E’ da accettare con favore questo disegno di legge che, finalmente, pone un freno all’uso smodato dei social da parte dei minori. Lo stesso disegno di legge potrebbe essere approvato in altri paesi europei, inclusa l’Italia: ma avremmo un forte dubbio che proprio qui da noi ci siano controllori. Un compito che, come tutti gli altri, dovrebbe essere demandato… alle scuole. Perché le famiglia, come al solito, non esercitano più la funzione di controllo e troppo facilmente abdicano al loro ruolo.
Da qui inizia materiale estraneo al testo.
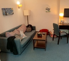 Приехали поздно, нас заселили. Принесли постельное. Очень тихо в отели. Все устроило

Comunque è troppo presto per poter fare previsioni, perché dalla nostre parti si leverebbero squilli di protesta da parte dei tanti tromboni che rappresentano il nostro Paese e quei milioni di elettori che, sempre meno, si recano alle urne per votarli.

Il togliere ai minori di 15 anni l’uso dei social dovrebbe essere accompagnato anche da severe sanzioni per quei leoni da tastiera (si chiamano così oggi… ) che sempre più si cimentano in commenti irriguardosi, scurrili e sgrammaticati nei confronti di tutto e di tutti. Proprio costoro dovrebbero essere perseguiti per legge se insultano il Presidente della Repubblica, un Ministro del governo, un Capo di Stato, il segretario di un partito, o quando si rivolgono con disprezzo nei confronti dell’autore di un semplice e garbato commento. Insulti gratuiti perché quello che scrivono e siamo costretti a leggere (compito diseducativo e incoraggiante di Facebook che dovrebbe quanto meno avvalersi della facoltà di cancellare frasi irriguardose!) proviene da persone che con il tempo sfogano su Facebook la loro rabbia e le loro frustrazioni; come se lo scrivere frasi sconce e offensive sui social serve a farle sentire migliori.

Abbiamo letto giorni fa della scomparsa in mare, durante la burrasca che ha distrutto i comuni della fascia ionica, di almeno 380 migranti. Ogni commento sarebbe stato superfluo, tranne che pregare per le anime di quegli sventurati. Purtroppo non è stato così! Chi commentava faceva a gara con l’altro per mostrare il proprio cinismo, la cattiveria: “A me che mene frega“, “Sono contento che siano morti”, “Così imparano e stanno a casa loro”…

E ci fermiamo qui. Chi ha un briciolo di coscienza e un po’ di buonsenso scriverebbe frasi di senso nettamente opposto, ma a che servirebbe? Abbiamo a che fare non con leoni da tastiera, ma con gente povera di idee, cattiva e meschina.

Sì, proprio così: meschina. Non troviamo un altro termine per definire queste persone. Ma forse non sono neanche PERSONE.